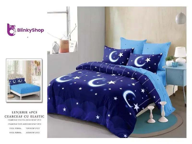 Lenjerie de pat din finet din 6 piese, cearceaf finet normal potrivit pentru orice dormitor. Material rezistent, fin si elegant. Producător: Primavara
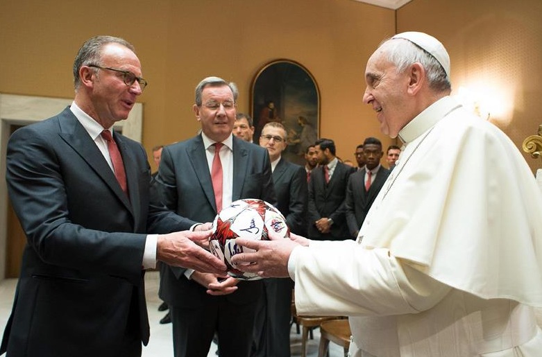 El Papa Francisco saluda en el Vaticano a Karl-Heinz Rummenigge, presidente del Bayern de Múnich. "Yo te vi jugar la final del 86", le ha dicho el pontífice al exjugador, en alusión al duelo que Argentina ganó a Alemania en México.
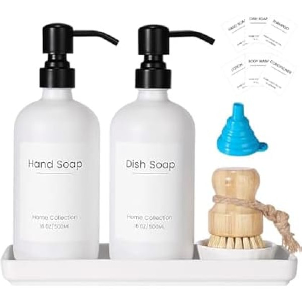 WHAT YOU WILL GET This glass soap dispenser set will surprise your kitchen. The package includes 2 x 17 oz detergent dispensers, 1 brush, 1 small ceramic bowl, 1 ceramic tray, 6 sticky note labels and 1 funnel - everything you need for your daily needs. High Quality The kitchen soap dispenser is made of high quality materials, including lead-free glass bottles and rust-proof stainless steel pumps. Designed for durability, the enclosed labels are also waterproof and durable. MODERN FARMHOUSE DESIGN The glass kitchen soap dispenser set combines contemporary farmhouse style with elegance and order. It is ideal for dishwashing liquid, hand soap, lotion, body wash gel, shampoo and conditioner dispenser, etc. VERSATILE AND ECO FRIENDLY These reusable glass dispensers refill with your favorite soap, reducing plastic waste and promoting sustainability. GREAT GIFT IDEA Whether for yourself or a loved one, this soap dispenser set makes an excellent gift for various occasions and will add a dash of luxury and functionality to any home. › See more product details
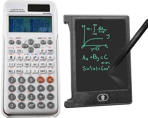 Solar Powered Engineering Scientific Calculator for FC-991ES Plus 2nd Edition with 4.4 inch LCD Erasable Writing Tablet, Portable Calculator-417 Functions with Notepad for School,Office(White)
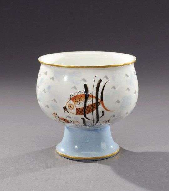 Vase tronconique sur pied en porcelaine émaillée à décor d'un poisson. Signé du cachet de la Manufacture avec la lettre date DA pour 1924 et P. LARDIN. H: 10 cm Diam: 11 cm (taches)

| PROBLEM DETAILS |
No pictures should appear; only the lines from the first line of the records through the line with "El Papa Francisco", both included, are to be restated word for word.

| RESPONSE |
 Lenjerie de pat din finet din 6 piese, cearceaf finet normal potrivit pentru orice dormitor. Material rezistent, fin si elegant. Producător: Primavara
 El Papa Francisco saluda en el Vaticano a Karl-Heinz Rummenigge, presidente del Bayern de Múnich. "Yo te vi jugar la final del 86", le ha dicho el pontífice al exjugador, en alusión al duelo que Argentina ganó a Alemania en México.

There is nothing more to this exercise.